Image feature extraction model
Due to the computational power and battery size limitations of hearing aids, we process image information using a smartphone connected to the hearing aid, and only image features are sent to the hearing aid side to assist in sound enhancement. Extracting image scene features may use a convolutional visual Transformer (CvT) model. The model combines the advantages of a convolutional neural network and a visual Transformer, has the capability of extracting local features, and retains the attention to global information. The image scene feature extraction model is pre-trained on a large scene classification data set Place365, and has the capability of identifying complex scenes. We extract the classification token of the model as a feature of the image scene.
FIG. 3 is a diagram of a model architecture for a convolutional visual Transformer. (a) The model is divided into three stages, and each stage of the model fuses local features and simultaneously reduces the length of an image sequence by performing convolution operation on the feature map. And inserting global information of the classified token fused picture into the sequence starting position at the beginning of the third stage, and finally using the token as the picture feature.
Audio feature extraction model
As shown in fig. 4, a convolutional neural network is used to extract audio features. The CNN14 is an audio classification model, and realizes attention to different scales of frequency spectrums and accurate classification of audio through stacking of 3 x 3 convolution kernels. Fig. 4 is a convolutional neural network CNN14 that we use to extract audio features. The audio scene feature extraction model is firstly trained on a large data set Audioset to learn the characterization of audio. We extract the output of the penultimate fully-connected layer as an audio feature.

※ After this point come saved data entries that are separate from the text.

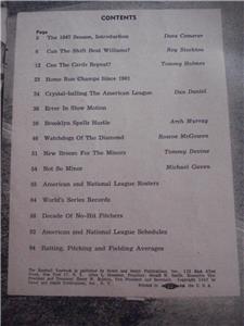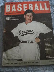 Up for auction is a VINTAGE 1947 STREET & SMITH'S BASEBALL PICTORIAL YEAR BOOK (LEO DUROCHER COVER) This auction is for a VINTAGE 1947 STREET & SMITH'S BASEBALL PICTORIAL YEARBOOK (LEO DUROCHER COVER). This 98-Page Year Book has both American and National League Schedules, World Series Facts & Figures and Rosters, with Plenty of Pictures. It also asks the Question "CAN THE NEW SHIFT BEAT TED WILLIAMS" It is in Very Good Condition for being 78 Years Old and will be shipped in a Plastic Sleeve with Cardboard Backing. A Hard To Find Item that would make a great addition to any Man Cave or Sports Collection. If you have any questions, please don't hesitate to ask.**PLEASE TAKE INTO CONSIDERATION, USPS HAS JUST RAISED THEIR RATES AGAIN.**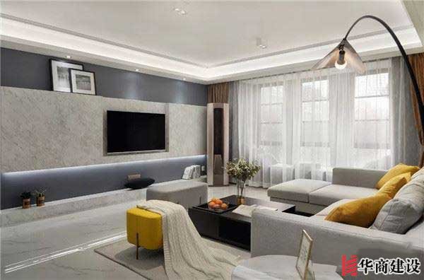 灰色電視背景,中間加入天然石材與燈光打造出飾帶效果,讓空間簡(jiǎn)潔又高端。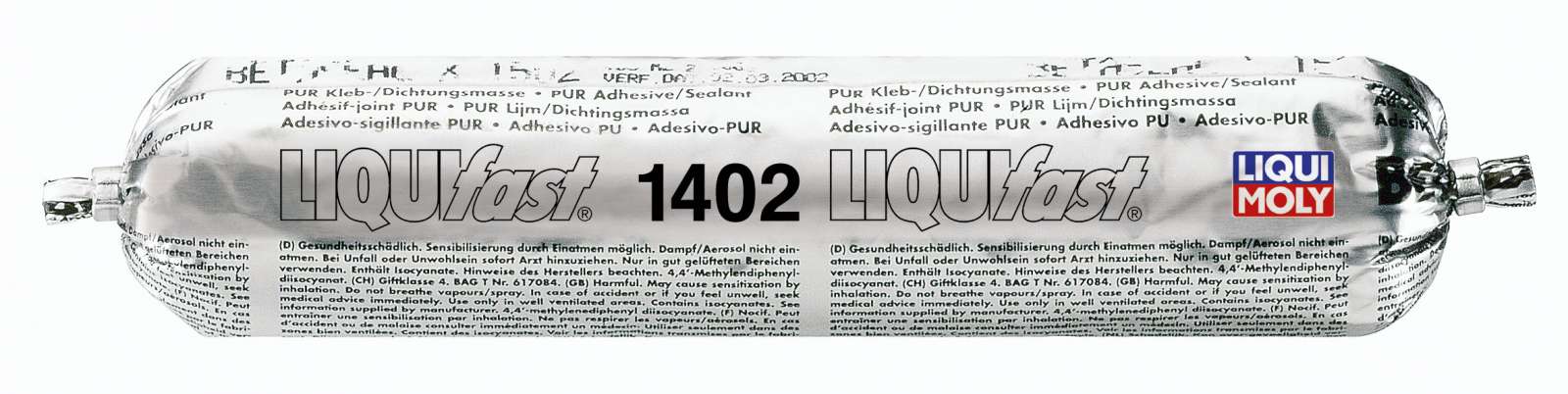 • Liquifast 1402 ist ein 1-komponentiger, kalt zu verarbeitender, feuchtigkeitshärtender, Klebstoff zur Direkteinglasungsdichtstoff von Fahrzeugscheiben im Reparaturfall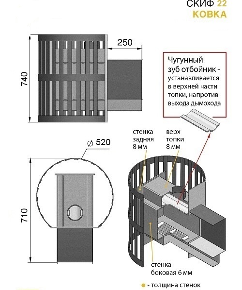 Печь - сетка Скиф-22 ВК (К) спроектирована по принципу вентилируемой открытой каменки. Открытая каменка, как следует из названия, делается таким образом, чтобы к камням был открытый доступ из парной (в отличие от закрытых каменок, когда камни располагаются внутри печи) и прямо на них можно было плеснуть воду из ковша для получения пара. Такая система помогает быстро получить оптимальное количество качественного легкого сухого пара, поскольку избыток воды сливается на пол через камни и не участвует в процессе парообразования.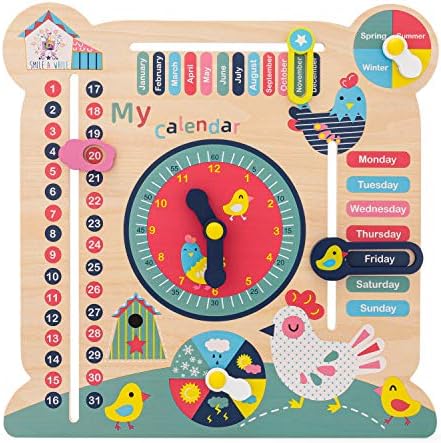 Be the first to review “SMILE A WHILE Montessori Wooden Toys Kids Calendar Teaching Clock for Kids Learning to Tell time Great for Circle time Learning Center All About Today Board Weather and Days of The Week for Kids”

Feature fusion network and scene classifier
We use a multi-layered perceptron model to build a feature fusion network and a scene classifier. The image features and audio features extracted by the pre-training model are predicted by the feature fusion network and the scene classifier to obtain the scene category. After the network training is finished, the output of the feature fusion network is extracted to be used as the audio-visual feature of the scene, and assistance is provided for an audio enhancement system.
Audio enhancement module
The core function of the audio enhancement module is to separate different kinds of sounds in the input audio and perform targeted enhancement on certain sound types on the basis of the sound. In the present invention, the input audio is first converted to a spectrogram by a short-time Fourier transform, and the spectrogram is then decomposed in amplitude and phase. The audio enhancement module needs to determine the type of the sound to be separated according to the input scene characteristics, the amplitude spectrum and the scene characteristics obtained from the scene classification module are input into the sound separation network together, the sound separation network generates the separated amplitude spectrum, the enhancement and inhibition degrees of different parts of the original amplitude spectrum are determined, and finally the audio enhancement module is combined with the phase information and restored into a one-dimensional audio signal, so that the audio enhancement is completed. The overall structure of the audio enhancement module is shown in fig. 5.
Sound separation network
Because the invention is applied to the hearing aid, the real-time requirement of the sound separation method is high, a sound separation network [9] based on CNN and LSTM and similar to U-Net [8] structure is selected, and the structure is shown in figure 6. The voice separation network of the present invention is mainly composed of three parts of an encoder, a decoder and a bottleneck layer. The convolution operation in the encoder reduces the input spectrogram size continuously, the deconvolution operation in the decoder restores the spectrogram back to the original size, and there is also a direct flow of data between the corresponding layers in the encoder and decoder. The above process enables the spectrogram obtained by final recovery to be fused with a plurality of features with different sizes, so that a better recovery result can be obtained. The bottleneck layer LSTM can help the network to use long-term past information for voice separation.
Fusing scene features
In order to fuse scene features into a sound separation network, as in the feature fusion method shown in fig. 7, the obtained scene features are first converted into corresponding dimensions by linear transformation and then added to the output of each layer in the encoder and decoder. By training in this way, the scene characteristics can control the output of the sound separation network, so that the network can output different separation results for different scenes.
Hardware environment
The hardware environment required by the technical scheme can be divided into three parts, namely audio acquisition, image acquisition and signal processing. Wherein audio acquisition can rely on the microphone realization of audiphone, and image acquisition needs the audiphone to be equipped with the module of making a video recording. The signal processing part has two realization modes: (1) and processing by using a computing chip carried by the hearing aid, and directly playing after the processing is finished. This approach is simple to implement, but due to the high requirements of real-time neural network computation on hardware resources, attention needs to be paid to balancing performance, cost and power consumption. (2) The hearing aid and the smart phone are wirelessly connected through technologies such as Bluetooth and WiFi, the hearing aid end transmits collected audio and image signals to the mobile phone end, the strong computing performance of the mobile phone is utilized for processing, and then the enhanced audio is transmitted back to the hearing aid end to be played. The method can reduce the cost of the hearing aid chip, improve the endurance, and simultaneously can expand more functions by developing corresponding mobile phone APP, such as manually switching an enhancement mode, adjusting the loudness compensation size of the hearing aid, and the like.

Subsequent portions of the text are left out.